I want a Sugar Glider!!!


----------



## nekomi (Nov 23, 2005)

Old thread, but... 

If I could get another cat, I would probably get a seal point Snowshoe... or a bicolor Snowshoe. I also saw an AMAZING silver spotted tabby Turkish Angora at a cat show today. If they weren't so expensive, I would get a Turkish Angora kitten from that breeder in a heartbeat! May be worth saving up for... 

The only breed of dog that my husband and I are interested in are Siberian Huskies. There's a pretty Husky girl on Petfinder that I've been watching with interest, but my main concern is for my cats - huskies are known to have a high prey drive and I don't want to put them in any danger.
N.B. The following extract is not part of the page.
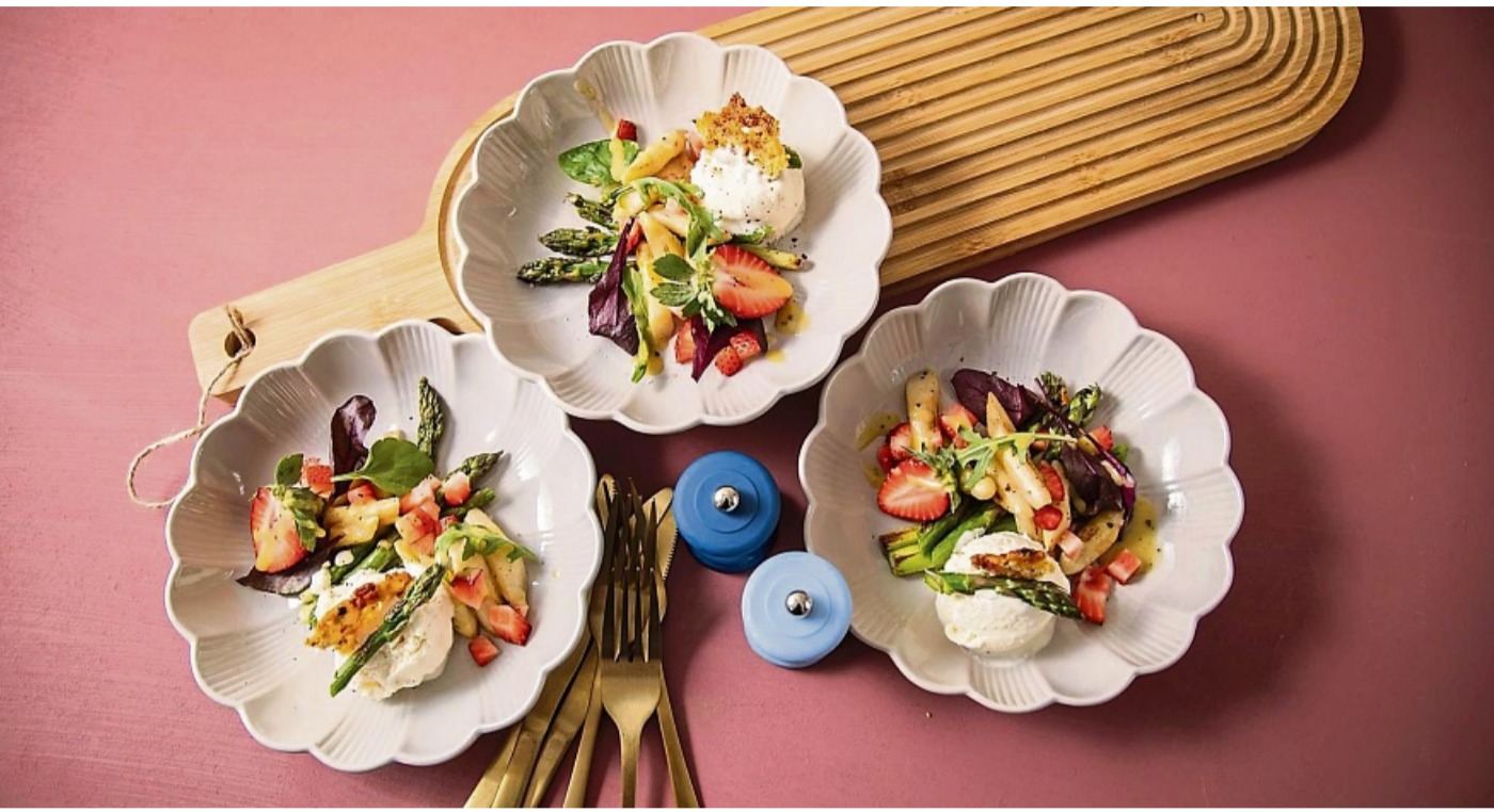
Spargeleis mit Parmesan-Schinken-Chip auf gebratenem grünen und weißen Spargel, Blattsalat, Vinaigrette und Erdbeeren.

das Gemüse zerkleinern und in 450 bis 500 ml Schlagsahne bei niedriger bis mittlerer Temperatur 30 min. weichkochen. Wichtig: „Das Gemüse muss weich sein“, betont Klisch.

As for other animals, I would love to get a young Jungle Carpet Python (I already own two other snakes, a Brazilian Rainbow Boa and a Leucistic Texas Ratsnake), or a small bird (lutino cockatiel, sun conure, or rainbow lorikeet). I'm also setting up a saltwater aquarium right now... I have one other aquarium, a small planted dwarf cichlid setup.

What can I say, I love animals :lol:


----------



## Birdgirl (Apr 6, 2005)

Hmmmm... I don't think that I would get another cat (at least not for a lonnnnng time). But as for other animals. I would like to have....
A Green cheek conure 
A rose breasted cockatoo
An african grey
A sugar glider (probably 2 )
and a dog... one of the small breeds. 
 

I already have 8 cats... a blue and gold macaw.. 12 cockatiels.. and a bunny


----------



## Willow771 (Jun 20, 2005)

A French Bulldog


----------



## AllergyCat (Aug 7, 2005)

Hmmm.....(fun old thread to bring back!)

I'd say another dog. Have to be an Irish Wolfhound.

Already owned by four cats, two German Shepherds, and two Chinese Cresteds.


----------



## Birdgirl (Apr 6, 2005)

Love chinese crested dogs they are adorable.  .... I would like to have either a yorkie, a chihuahua, a cocker spaniel, a daschund, or a chinese crested  (but they are kind of hard to find around here.. unless you go to a breeder but I would like to adopt)


----------



## oransmom (Sep 24, 2004)

I would love to rescue a greyhound !!


----------



## Stephie (Feb 4, 2005)

A tortoise...and then lots more puss cats....a burmese, a norwegian forest cat and a sphynx


----------



## roseeden (May 18, 2005)

No more pets for me. I have too many already.


----------



## Jimmyness (Dec 31, 2005)

I'd really like a snake, its like the only type of pet i havent had :lol: .... or a goat or a chicken


----------



## ~dawn~ (Jan 11, 2006)

oransmom said:


> I would love to rescue a greyhound !!


Me too! But DH thinks they look like big rats :evil: He would probably prefer a lab, he used to have the most beautiful chocolate brown female, but she was run over after his ex-wife threw him out....the ex wasn't really keeping a close eye on her and she got away  

But if we were to get a dog, we'd probably just go to the SPCA and get one.


----------



## Furbabies (Jan 28, 2006)

I dunno....
If I got another cat, I would just head down to the shelter and fall in love with one....
For other pets, 
LOL another dog or rabbit  From the shelter.
Cats, dogs, and rabbits....What my life revolves around


----------



## seashell (Dec 5, 2003)

*other pets*

I'm sure Jimmy wouldn't tolerate another cat..
But if I was just day dreaming, I would love a Maine **** or Norwegian Forest Cat. Or maybe a Turkish Van.
As for other animals..if we lived in the country I think I'd like a sweet little Donkey.  

seashell


----------